_What the task asks:_ Line by line, copy the records below exactly and leave the pictures out.

_Source material:_
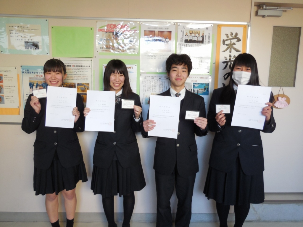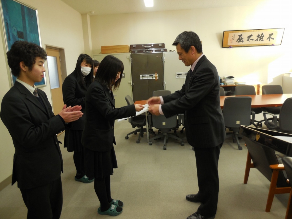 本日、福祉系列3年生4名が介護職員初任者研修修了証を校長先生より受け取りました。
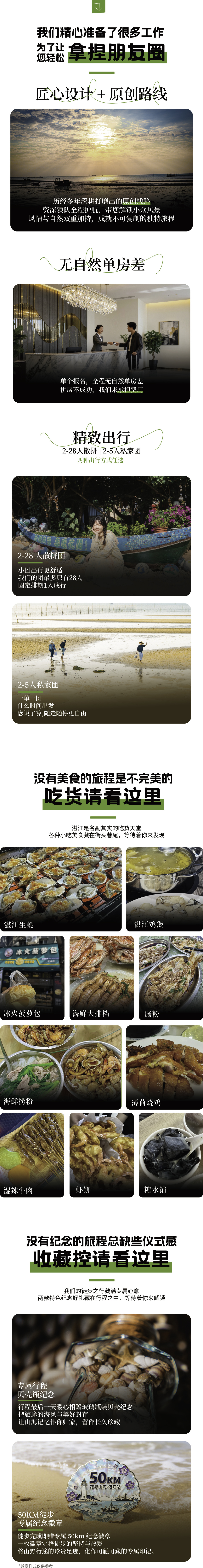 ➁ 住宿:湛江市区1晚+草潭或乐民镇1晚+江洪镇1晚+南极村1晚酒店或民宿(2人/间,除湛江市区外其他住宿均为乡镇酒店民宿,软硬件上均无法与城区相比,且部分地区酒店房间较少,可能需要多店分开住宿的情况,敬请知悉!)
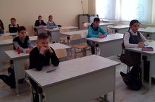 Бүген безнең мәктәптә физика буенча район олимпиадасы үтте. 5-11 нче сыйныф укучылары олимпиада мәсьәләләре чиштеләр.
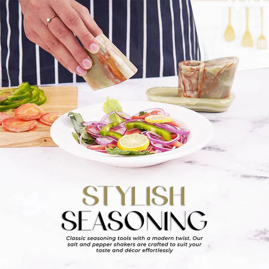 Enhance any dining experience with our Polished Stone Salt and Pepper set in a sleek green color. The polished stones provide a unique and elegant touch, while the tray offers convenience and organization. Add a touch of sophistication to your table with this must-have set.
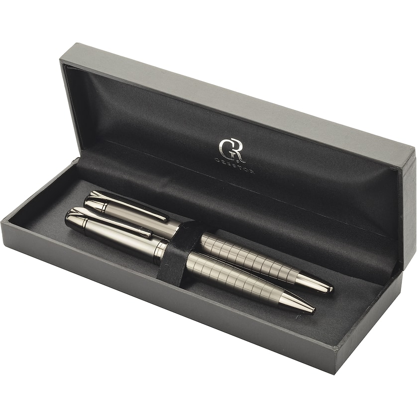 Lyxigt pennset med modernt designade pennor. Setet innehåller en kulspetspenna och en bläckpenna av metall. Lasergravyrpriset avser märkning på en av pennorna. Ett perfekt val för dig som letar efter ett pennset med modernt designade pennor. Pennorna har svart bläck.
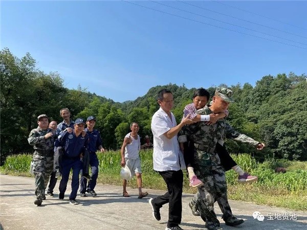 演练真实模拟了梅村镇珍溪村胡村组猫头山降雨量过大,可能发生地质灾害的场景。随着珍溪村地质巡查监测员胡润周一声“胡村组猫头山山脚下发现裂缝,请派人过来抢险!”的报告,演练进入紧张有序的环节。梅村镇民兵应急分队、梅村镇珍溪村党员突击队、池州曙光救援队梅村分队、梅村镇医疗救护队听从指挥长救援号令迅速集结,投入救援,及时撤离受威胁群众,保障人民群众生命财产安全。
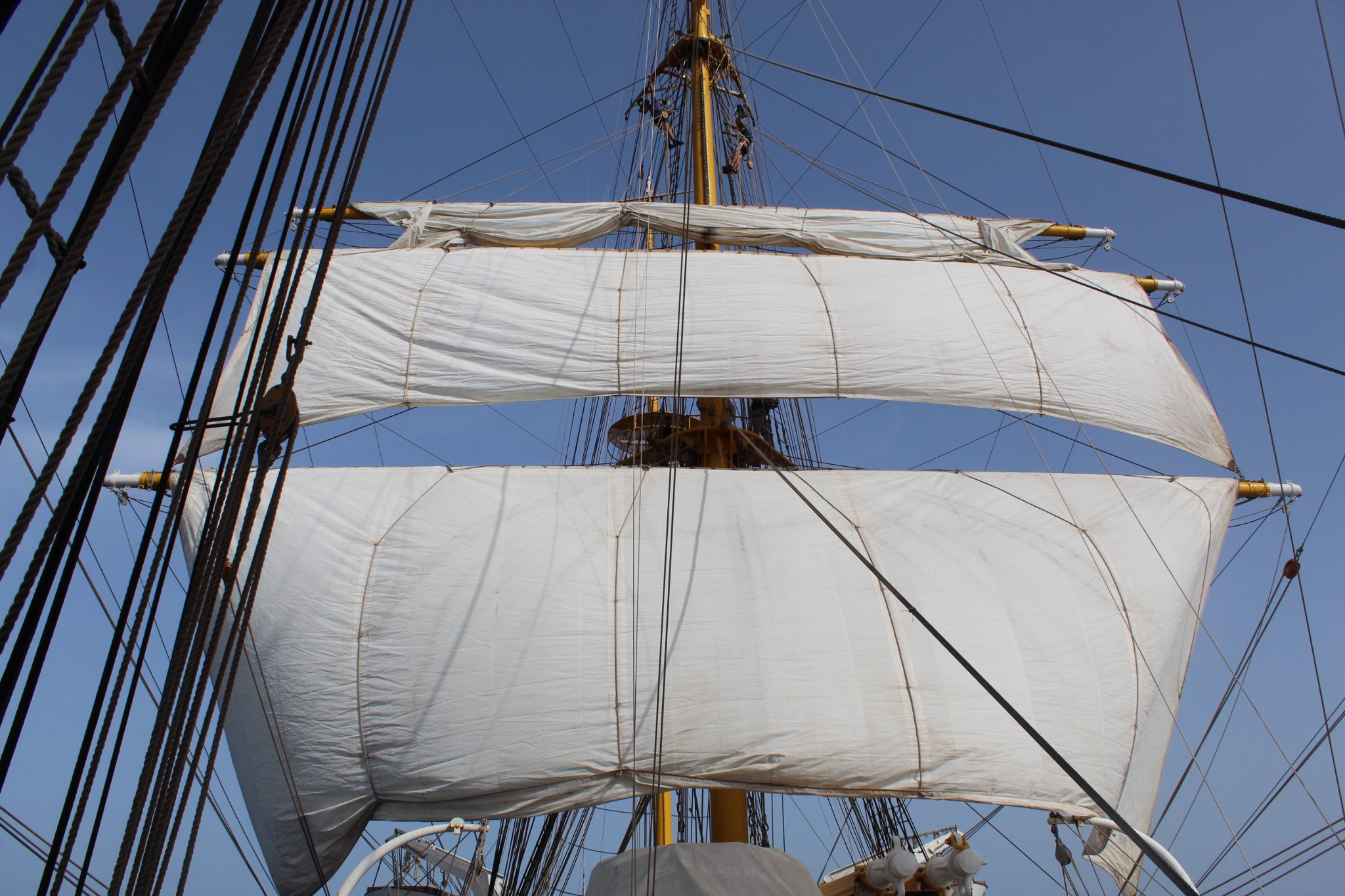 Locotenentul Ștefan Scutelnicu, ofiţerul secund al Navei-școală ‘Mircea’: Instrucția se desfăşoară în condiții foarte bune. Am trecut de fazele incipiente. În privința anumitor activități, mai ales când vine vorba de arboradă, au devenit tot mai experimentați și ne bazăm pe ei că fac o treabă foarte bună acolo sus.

_Exercise output:_
 本日、福祉系列3年生4名が介護職員初任者研修修了証を校長先生より受け取りました。
 ➁ 住宿:湛江市区1晚+草潭或乐民镇1晚+江洪镇1晚+南极村1晚酒店或民宿(2人/间,除湛江市区外其他住宿均为乡镇酒店民宿,软硬件上均无法与城区相比,且部分地区酒店房间较少,可能需要多店分开住宿的情况,敬请知悉!)
 Бүген безнең мәктәптә физика буенча район олимпиадасы үтте. 5-11 нче сыйныф укучылары олимпиада мәсьәләләре чиштеләр.
 Enhance any dining experience with our Polished Stone Salt and Pepper set in a sleek green color. The polished stones provide a unique and elegant touch, while the tray offers convenience and organization. Add a touch of sophistication to your table with this must-have set.
 Lyxigt pennset med modernt designade pennor. Setet innehåller en kulspetspenna och en bläckpenna av metall. Lasergravyrpriset avser märkning på en av pennorna. Ett perfekt val för dig som letar efter ett pennset med modernt designade pennor. Pennorna har svart bläck.
 演练真实模拟了梅村镇珍溪村胡村组猫头山降雨量过大,可能发生地质灾害的场景。随着珍溪村地质巡查监测员胡润周一声“胡村组猫头山山脚下发现裂缝,请派人过来抢险!”的报告,演练进入紧张有序的环节。梅村镇民兵应急分队、梅村镇珍溪村党员突击队、池州曙光救援队梅村分队、梅村镇医疗救护队听从指挥长救援号令迅速集结,投入救援,及时撤离受威胁群众,保障人民群众生命财产安全。
 Locotenentul Ștefan Scutelnicu, ofiţerul secund al Navei-școală ‘Mircea’: Instrucția se desfăşoară în condiții foarte bune. Am trecut de fazele incipiente. În privința anumitor activități, mai ales când vine vorba de arboradă, au devenit tot mai experimentați și ne bazăm pe ei că fac o treabă foarte bună acolo sus.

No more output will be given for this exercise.